When there aren’t as many excuses. When you don’t have many places to be or things outside the house to do.
We’ve entered a strange period where many of us suddenly have lots of free time throughout the day at home. We’re expected to stay home, after all.
And this seems like the logical time to get more writing done than usual. It seems like the time to finally write your book, finally get that project finished that you’ve putting off. If we’re not supposed to leave the house, if we have hours and hours to fill, then writing up a storm seems the best course of action.
I’ve said many times before how you should write every day if you want to be a successful writer. You can’t just think about writing or talk about writing.

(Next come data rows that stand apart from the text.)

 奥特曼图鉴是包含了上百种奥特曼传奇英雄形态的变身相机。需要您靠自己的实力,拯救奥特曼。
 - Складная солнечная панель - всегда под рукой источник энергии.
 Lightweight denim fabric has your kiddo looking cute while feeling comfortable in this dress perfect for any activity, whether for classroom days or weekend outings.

It’s important you sit down at your chair every day and get at least a little bit of writing done.
I always feel better once I’ve done some writing, or revised a chapter from my latest novel, or queried some literary agents, or whatever it may be.
At the same time, this period has filled us with fear and uncertainty… and so if you don’t want to write? Then you don’t have to write.

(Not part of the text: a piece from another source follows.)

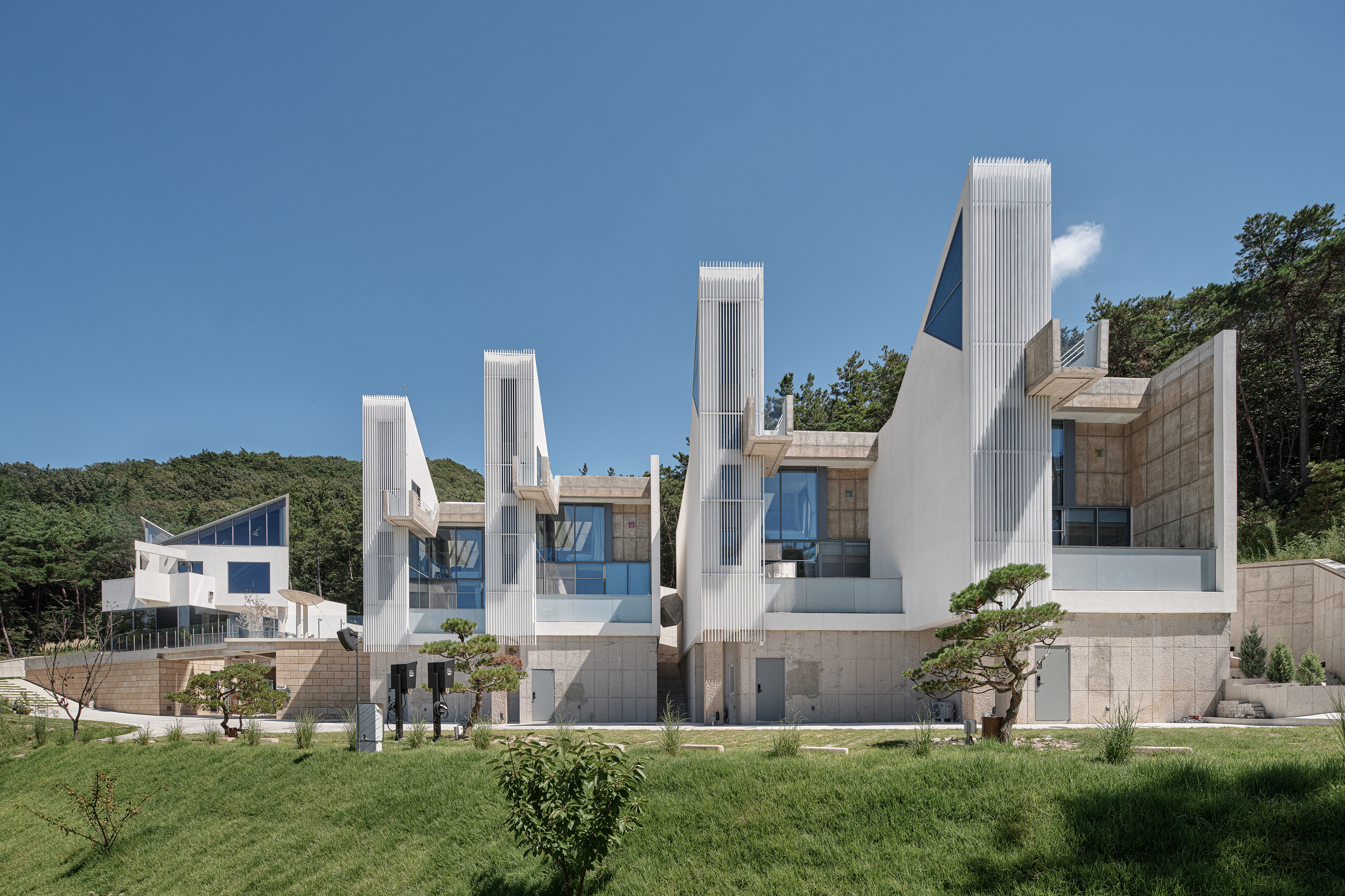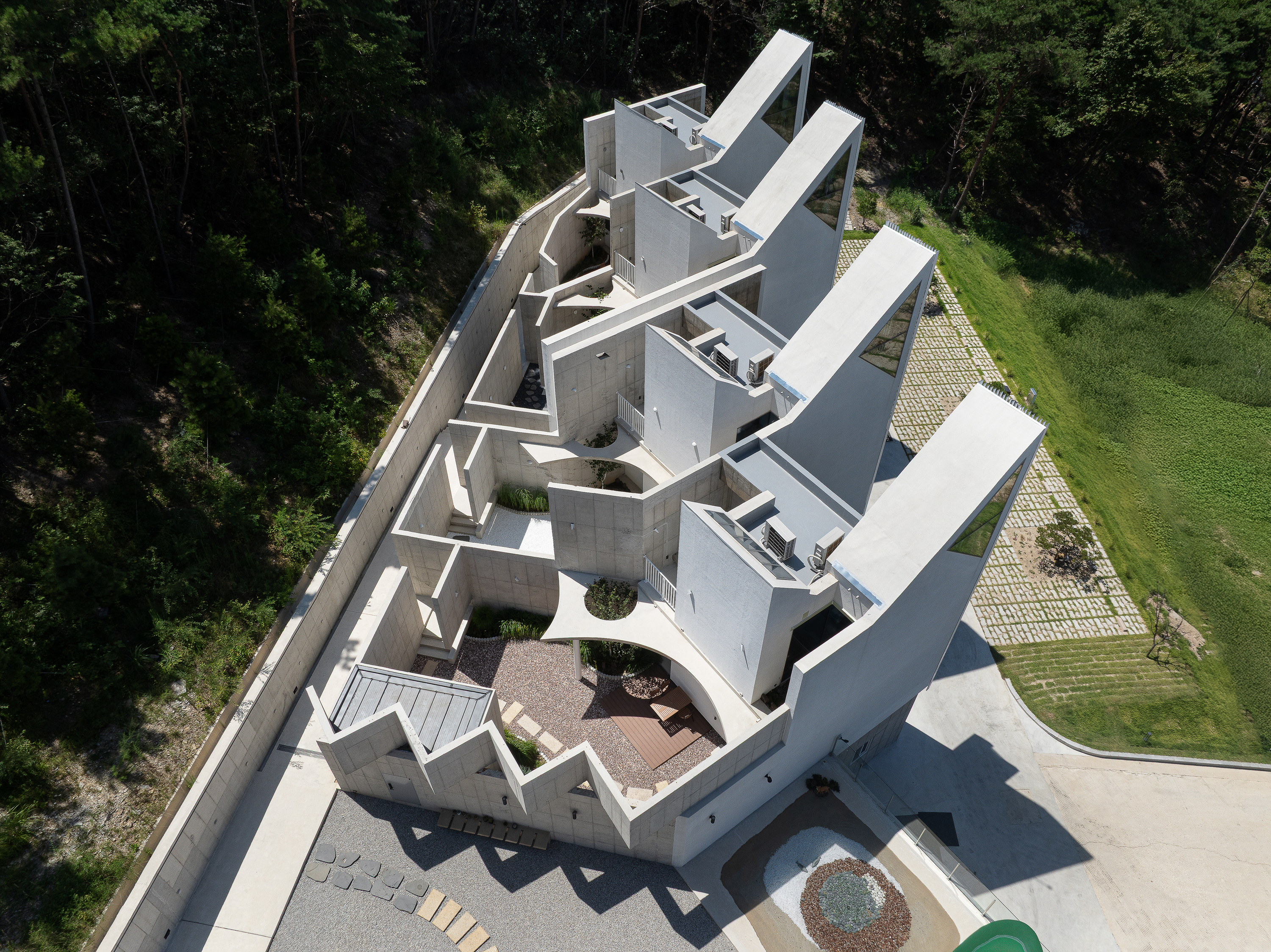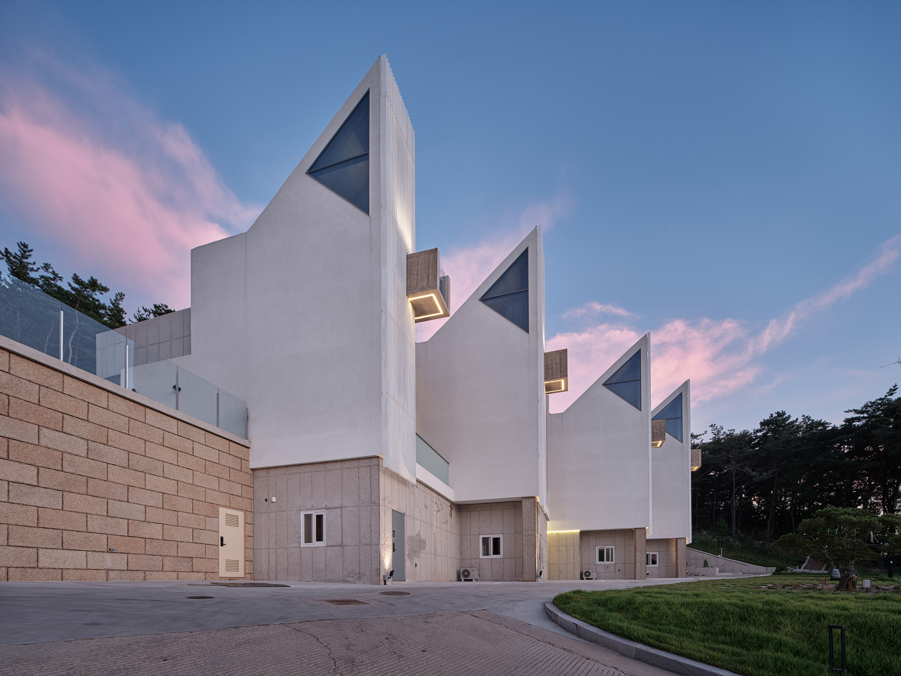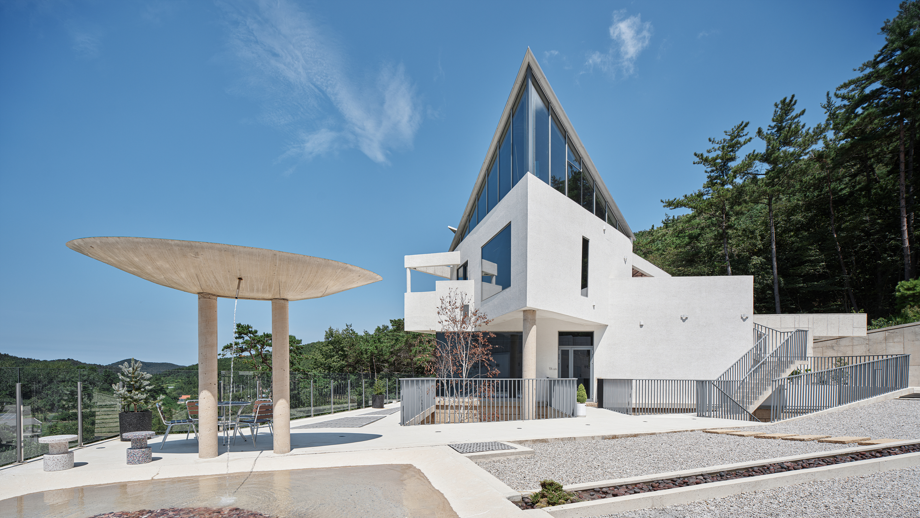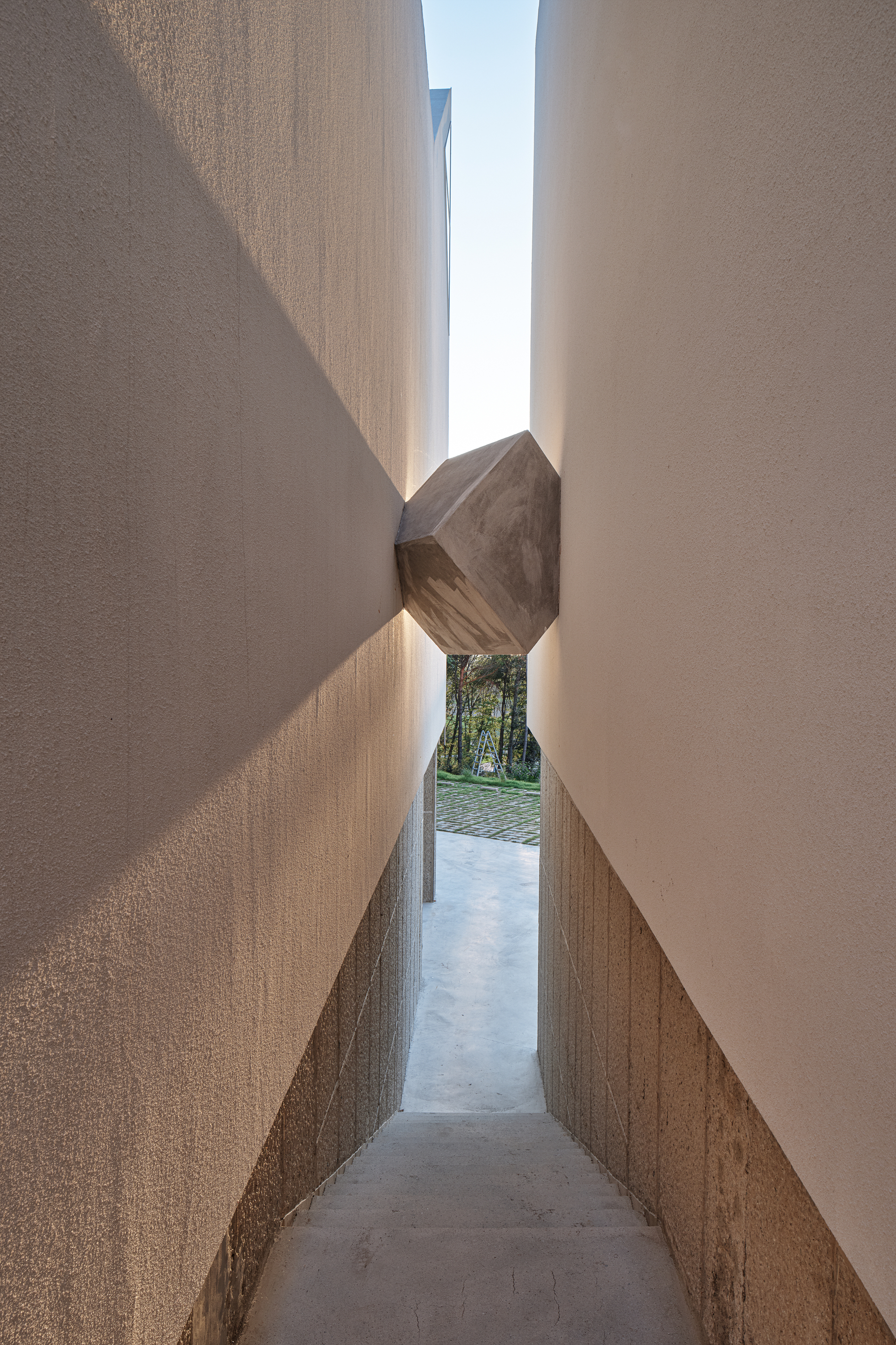 두 동의 하부는 노출 콘크리트로 마감되어 땅의 무게를 드러내고, 상부의 백색 스터코는 하늘의 가벼움을 반사한다. 무겁고 가벼움, 거침과 매끄러움이 대비되는 이 물성은 비움이 만들어낸 긴장을 더욱 선명하게 드러낸다. 기울어진 삼각형의 두 동은 땅에 단단히 닿아 있으면서도, 큰 비움에 의해 가볍게 들어 올려진 듯한 인상을 남긴다. 비워낸 공간은 형태를 지탱하는 보이지 않는 힘이 되어, 건축을 물리적 구조를 넘어 시지각적 균형의 상태로 끌어올린다.

I’ve tried to maintain that old “the show goes on” mentality and have continued working on my various writing projects.
Last week I finished sending out query letters for my MFA thesis novel to literary agents, and this week I’ve been hard at work on the third draft of my latest young adult thriller, Fear of Water.
But I have to admit an odd feeling has overwhelmed me this week. I’ve had the sense that what I’m doing doesn’t matter, that these writing projects are so meaningless in the scope of what the world is going through right now.
Part of me wants to step away from the laptop because things aren’t normal, and they’re not going to be for awhile. How can I continue on with this revision in light of what’s happening?
The truth is that stories, both fictional and non-fictional, really are saving everyone.
Art is saving so many of us, and I don’t know where we’d all be right now without it.
As of now I go on. I write. I revise. I fall in love with storytelling again. Writing has a way of putting me at ease, and in some ways creativity makes me feel stronger inside.
But if you don’t feel the same way, don’t force it. Don’t feel like you have to write.
If you find yourself bingeing Netflix all day, maybe find an hour to give to your creative process. Even if all you’re able to do is write a few sentences, that’s progress.
But if you have no interest in writing right now, I understand. Who knows what these next few weeks have in store for us.
So take care of yourself, first and foremost. Do what you need to do.
Just remember this: if you don’t feel mentally ready to return to the world of whatever story you’re telling, it will still be there for you in the future.